-- Excerpted records --
☆ ☆ ☆

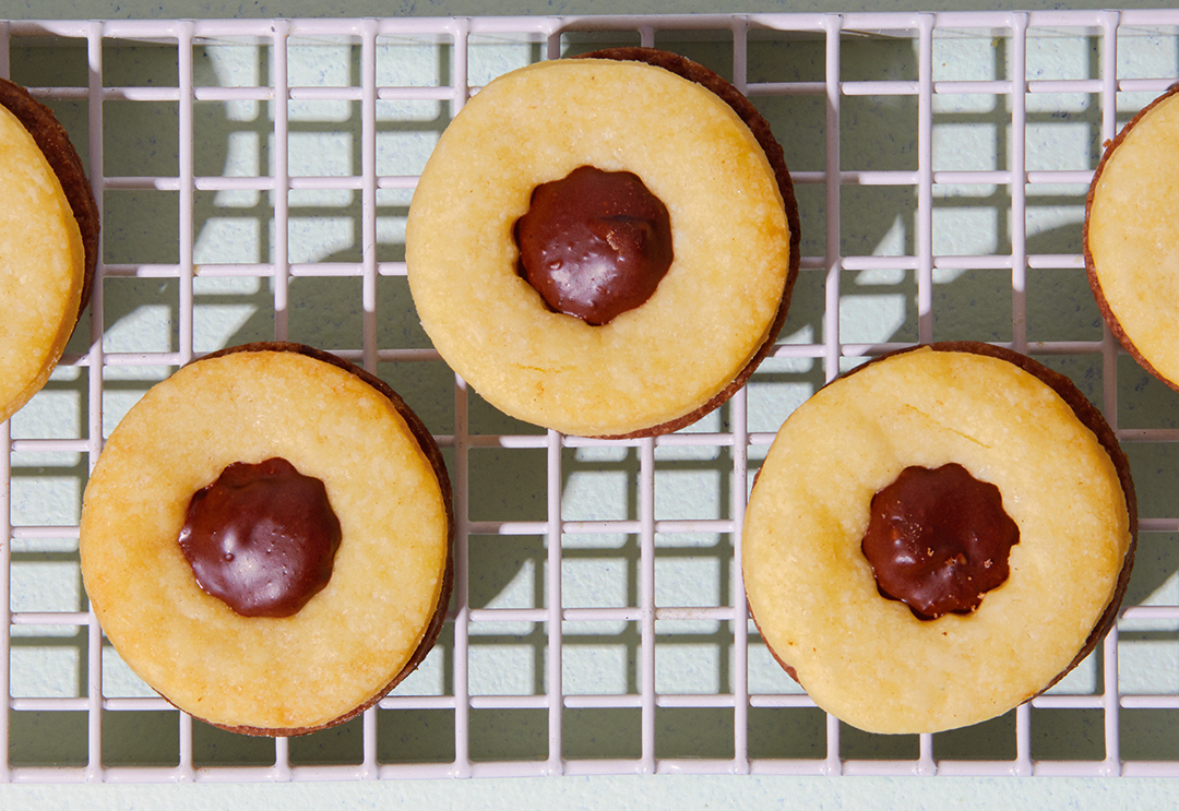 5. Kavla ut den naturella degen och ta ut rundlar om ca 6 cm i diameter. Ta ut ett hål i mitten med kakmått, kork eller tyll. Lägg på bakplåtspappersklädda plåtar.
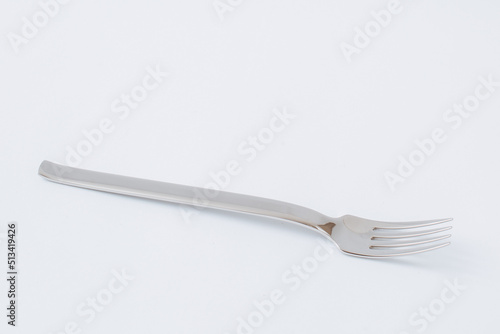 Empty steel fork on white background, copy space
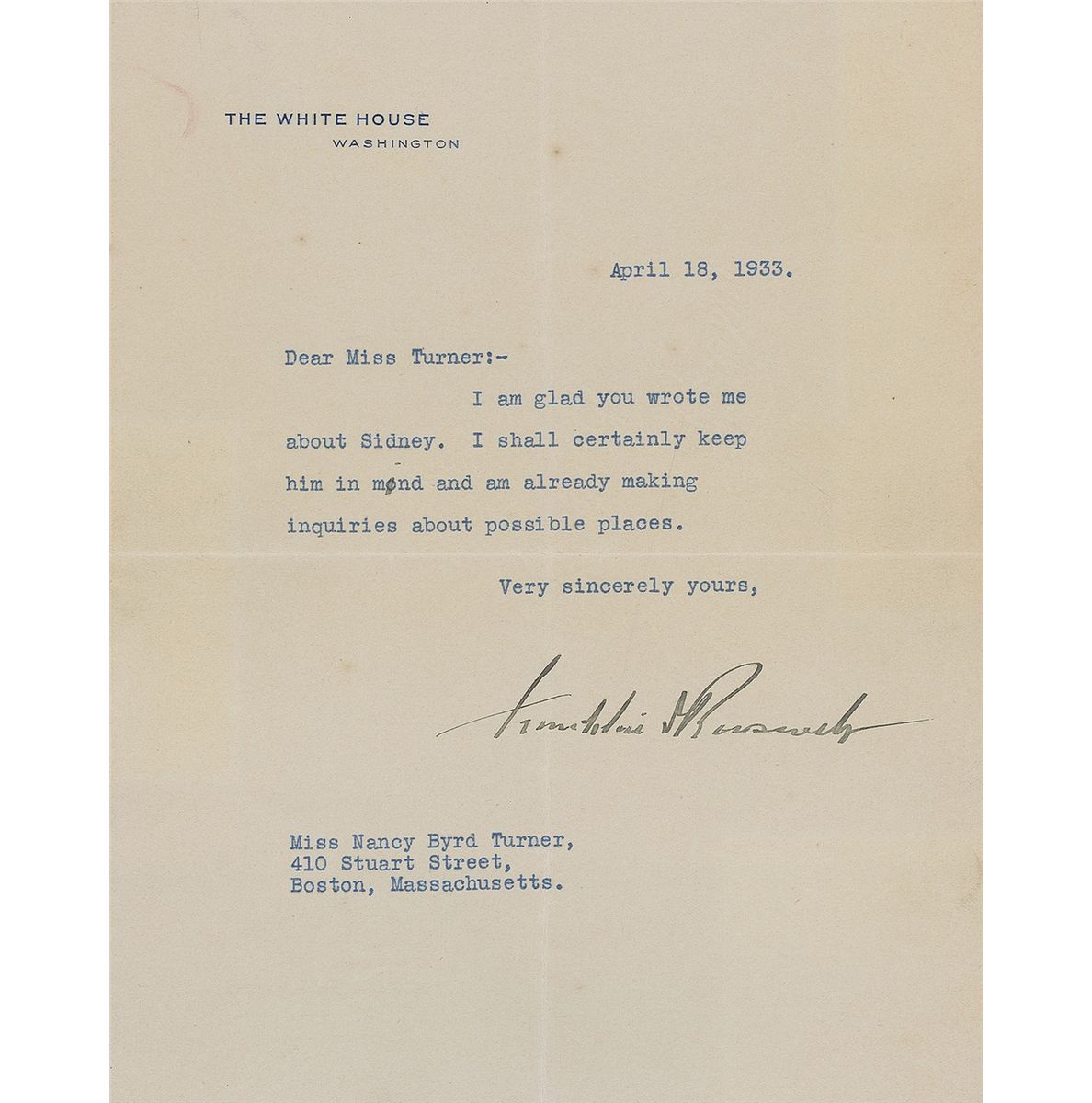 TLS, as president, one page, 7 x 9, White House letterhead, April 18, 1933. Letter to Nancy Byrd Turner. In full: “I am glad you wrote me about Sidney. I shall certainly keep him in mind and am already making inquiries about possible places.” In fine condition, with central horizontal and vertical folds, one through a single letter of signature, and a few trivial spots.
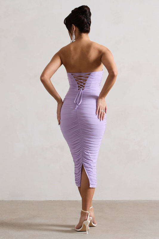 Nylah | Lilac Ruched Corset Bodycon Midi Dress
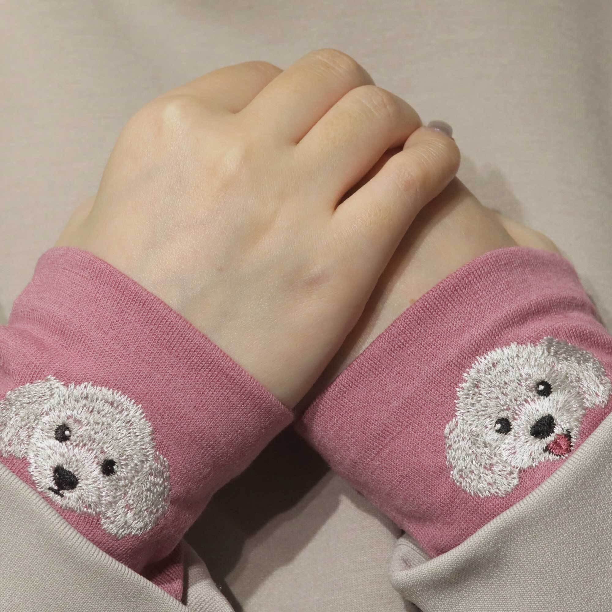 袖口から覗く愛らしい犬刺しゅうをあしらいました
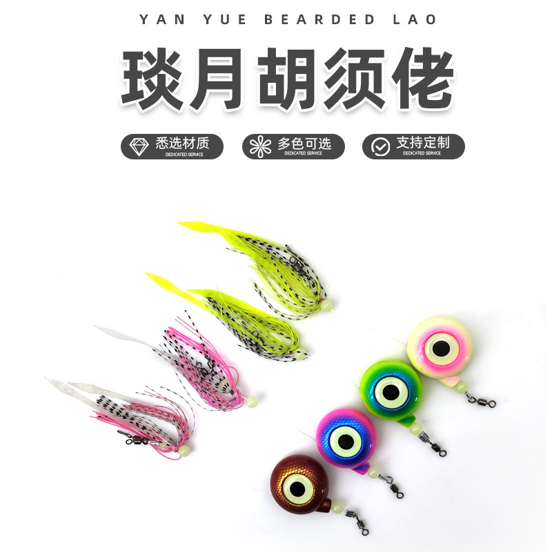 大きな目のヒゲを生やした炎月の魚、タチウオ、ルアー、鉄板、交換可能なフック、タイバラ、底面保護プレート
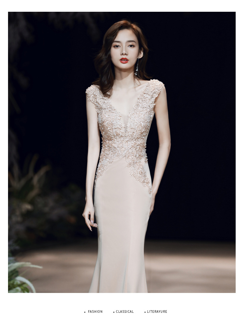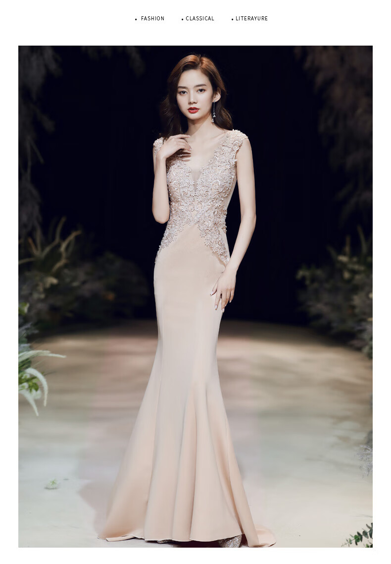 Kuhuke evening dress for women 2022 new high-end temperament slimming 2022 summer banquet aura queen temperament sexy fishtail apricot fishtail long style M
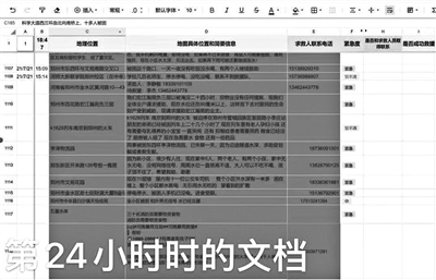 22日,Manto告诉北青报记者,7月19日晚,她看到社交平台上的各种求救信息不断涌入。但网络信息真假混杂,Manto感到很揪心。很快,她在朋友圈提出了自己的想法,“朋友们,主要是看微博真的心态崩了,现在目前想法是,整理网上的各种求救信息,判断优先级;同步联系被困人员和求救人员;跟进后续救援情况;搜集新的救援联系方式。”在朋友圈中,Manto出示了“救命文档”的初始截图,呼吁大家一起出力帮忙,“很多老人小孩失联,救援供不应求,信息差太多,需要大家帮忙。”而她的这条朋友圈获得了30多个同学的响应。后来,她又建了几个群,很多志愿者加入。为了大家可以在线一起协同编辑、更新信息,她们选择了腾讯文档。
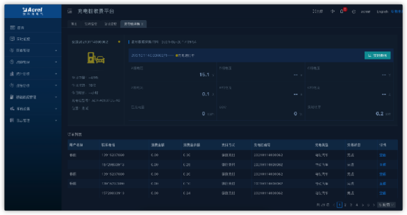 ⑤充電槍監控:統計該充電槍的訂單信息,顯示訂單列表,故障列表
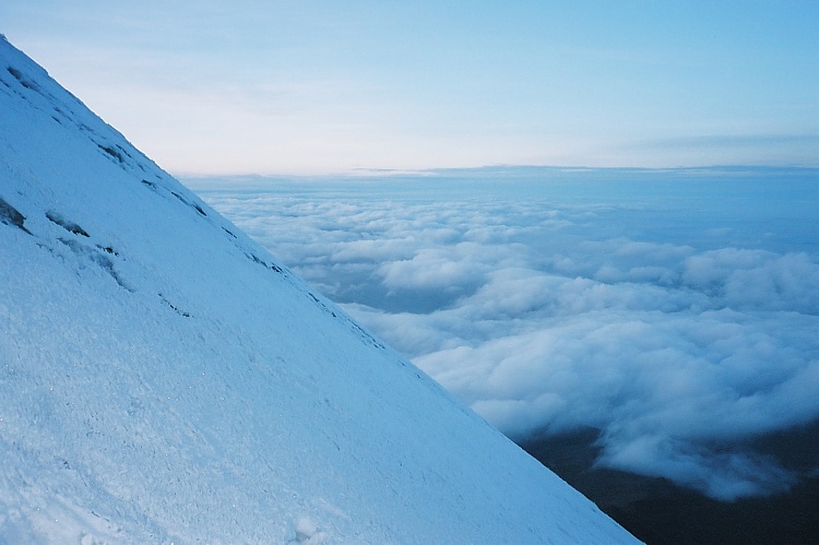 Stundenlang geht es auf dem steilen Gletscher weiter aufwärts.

☆ ☆ ☆

-- What you need to do --
Every line from the one with "大きな目のヒゲを生やした炎月" through the one with "Kuhuke evening dress" is to be reproduced exactly as written above, and the pictures are to be dropped.

-- Response area --
 大きな目のヒゲを生やした炎月の魚、タチウオ、ルアー、鉄板、交換可能なフック、タイバラ、底面保護プレート
 Kuhuke evening dress for women 2022 new high-end temperament slimming 2022 summer banquet aura queen temperament sexy fishtail apricot fishtail long style M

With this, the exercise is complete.